In one of my desperate encounters God miraculously reached out to me to let me know He heard me and saw my pain. It started me on a road to find out more about Him, who He was and why was He interested in me. I could hardly fathom something like this, a up close and personal God. I had never seen this before in anyone else, but it was true, God cared about me. I started a relationship with my best friend of the last 40 years - God.
He has yet to fail me, now I did not say it has been easy – in fact there were brutal times, the alcohol did not stop, life was often hard and painful, but I had a friend who walked with me in it. I do not think I would be alive if I had not had that. It gave me life and purpose – something that I think most people are looking for.
God let me know that I did not have to be “good enough” to come to Him, as a matter of fact He let me know through the Bible that no one is “good enough” and that He loves us anyways.

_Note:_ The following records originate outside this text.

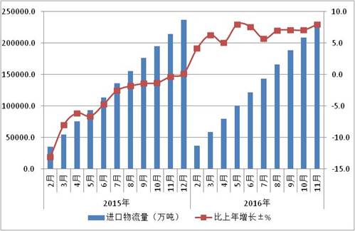 從不同品類看,鐵礦砂、原油、煤等大宗商品進(jìn)口量增加。1-11月,中國進(jìn)口物流量鐵礦砂增長9.2%;原油增長14%;煤增長22.7%。
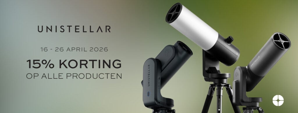Van 16 – 26 april 2026 geeft de Franse fabrikant Unistellar 15% korting op alle producten (slimme telescopen en accessoires).
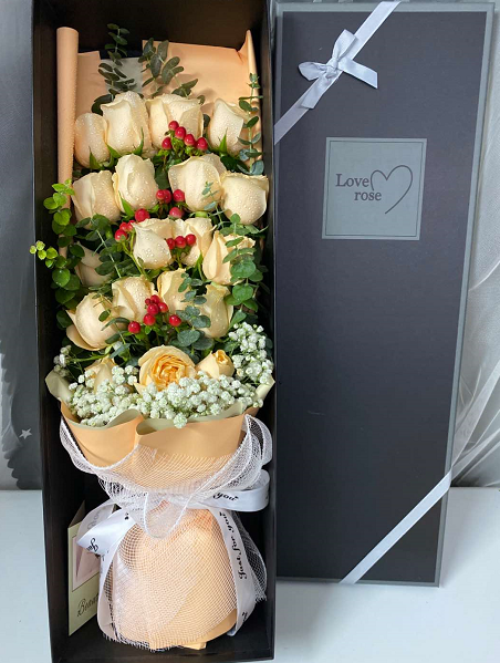 材质: 19枝香槟玫瑰,白色满天星,尤加利叶,红豆搭配
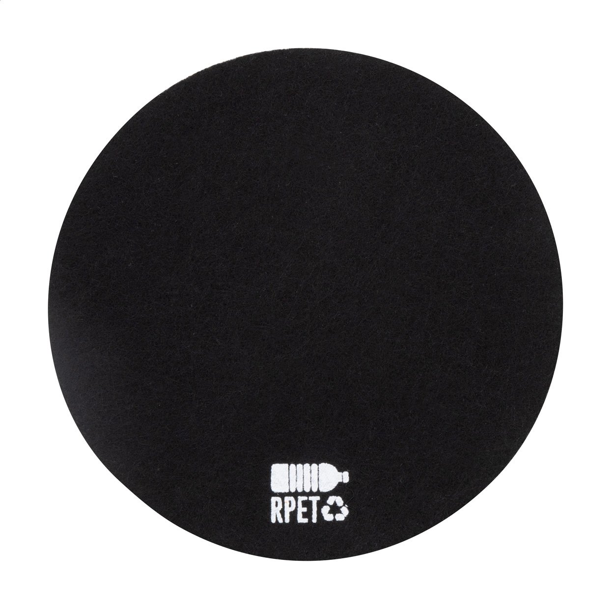 Kulatý plstěný podtácek RPET. S výrazným znakem RPET.
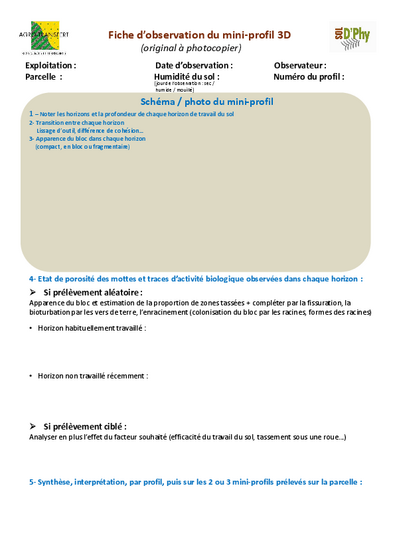 La méthode du mini-profil 3D consiste à prélever un bloc de sol avec les palettes d’un chargeur télescopique, ou d’un tracteur équipé d’un chargeur frontal, afin d’observer les horizons de travail du sol, la structure, l’enracinement, les traces d’activité biologique, et d’établir ainsi par observation un diagnostic de l’état structural du sol en un temps réduit.
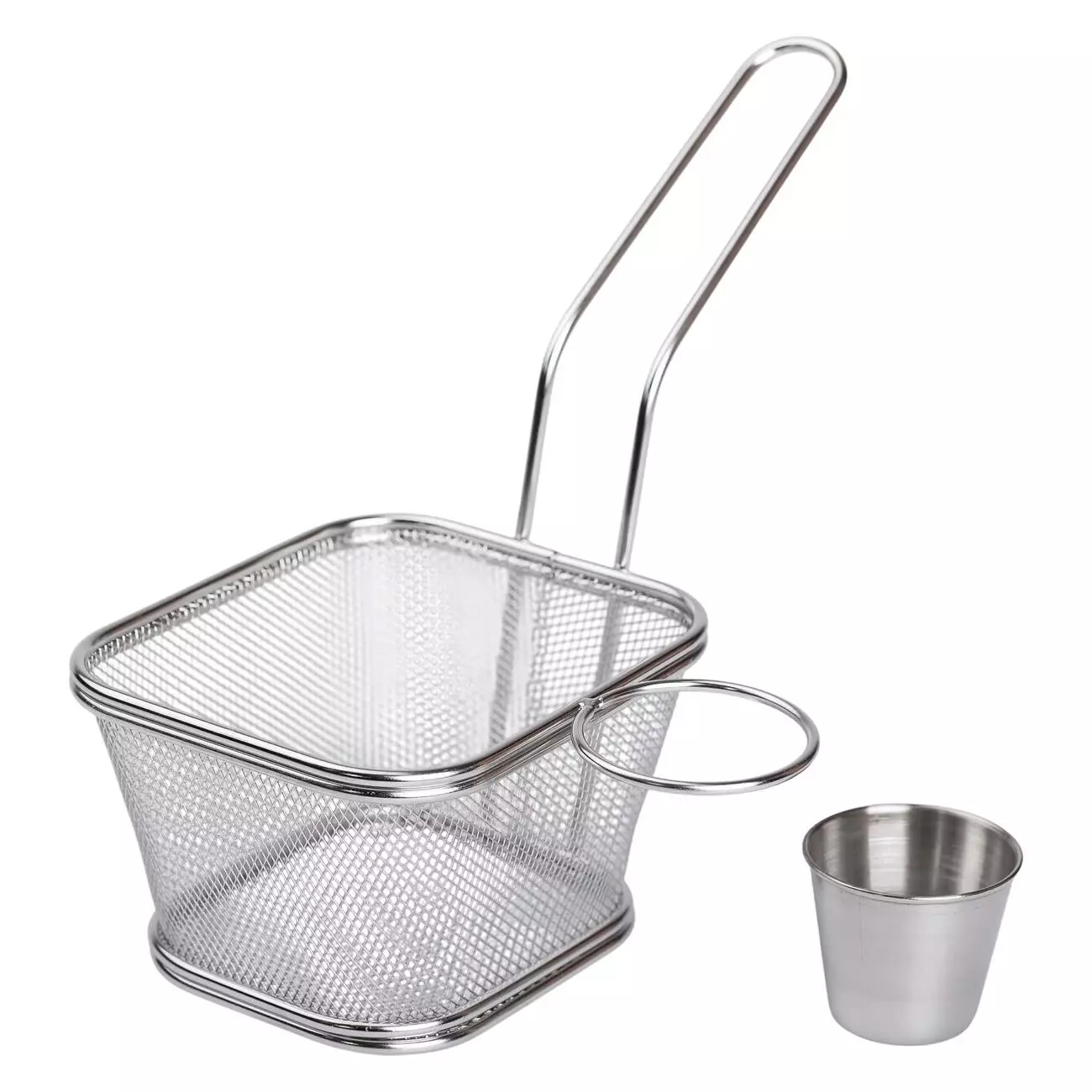 Кошик виготовлено з нержавіючої сталі, яка не вступає в реакцію з продуктами, має міцну конструкцію і зручну ручку. Його можна мити вручну або в посудомийній машині, а компактні розміри полегшують зберігання.
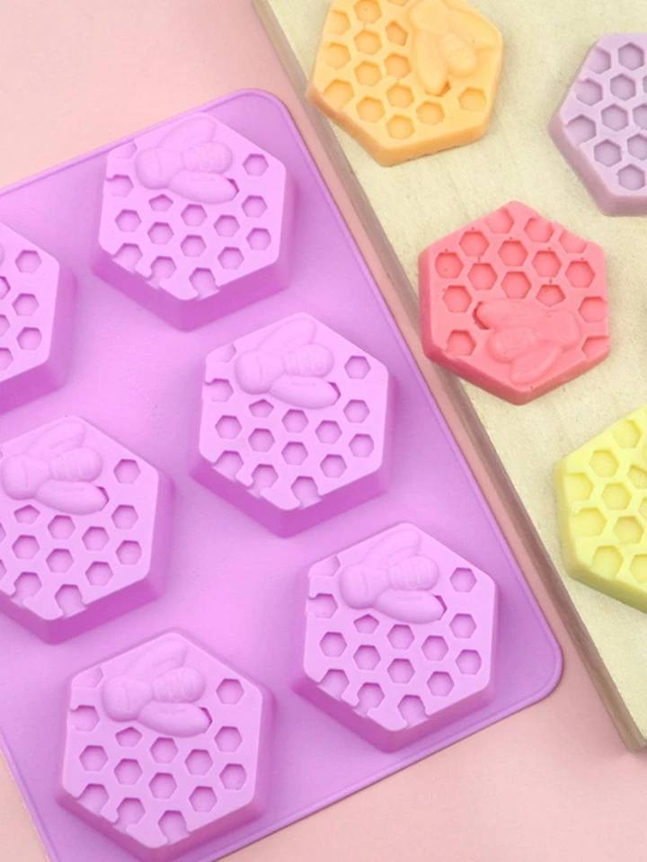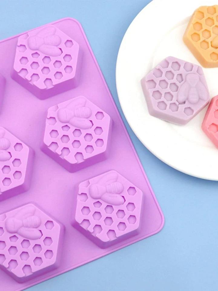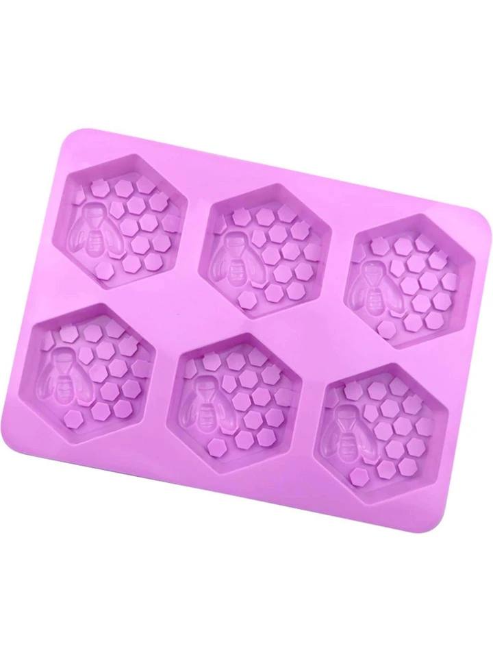 • قالب سيليكون قطعة واحدة، قالب صابون شكل خلية النحل الإبداعي باللون البنفسجي للحِرف اليدوية

It was a life changing revelation and took a lot of pressure off to stop trying to be perfect (it was not working anyways).
God led me to a lady in a post office, who just happened to be a Christian lady, who introduced me to Al-anon where I learned firsthand from others about the damaging effects of alcohol. I learned from this valuable program that it was not my fault and we could safely share stories and hope. I learned that addictions are no respecter of persons and that anyone can be caught up in their trap.
I found a home church where I could go and study God, I was like a sponge, soaking in everything I could get. I wanted to know more and more about this God who came to save me.
I am a highly intelligent woman, a woman with a keen and very strong will. I rarely take anyone’s word for something; I like to dig out the facts for myself so I did just that. I took the time to sit down and read the entire Bible front to back (only 1 of many times). I enrolled in courses, Bible schools for more information. I talked with other people of different faiths to search out the truth. Somewhere in between the pages of the Bible, I came to realize who God is. Oh, I am quite sure I only understand a fraction of who He really is, because He is God after all. I still have lots of questions after all these years, but that is okay, God can handle my questions.
I have lived my life calling out to Him when life is hard; celebrating with Him when life is good and loving Him for saving this woman from herself. He and I walk together everyday in life and I defer to His wisdom over mine, because as you can see, mine was not the wisest all those years ago and I am pretty sure God has better answers – all the time.
I count on it and maybe you could too.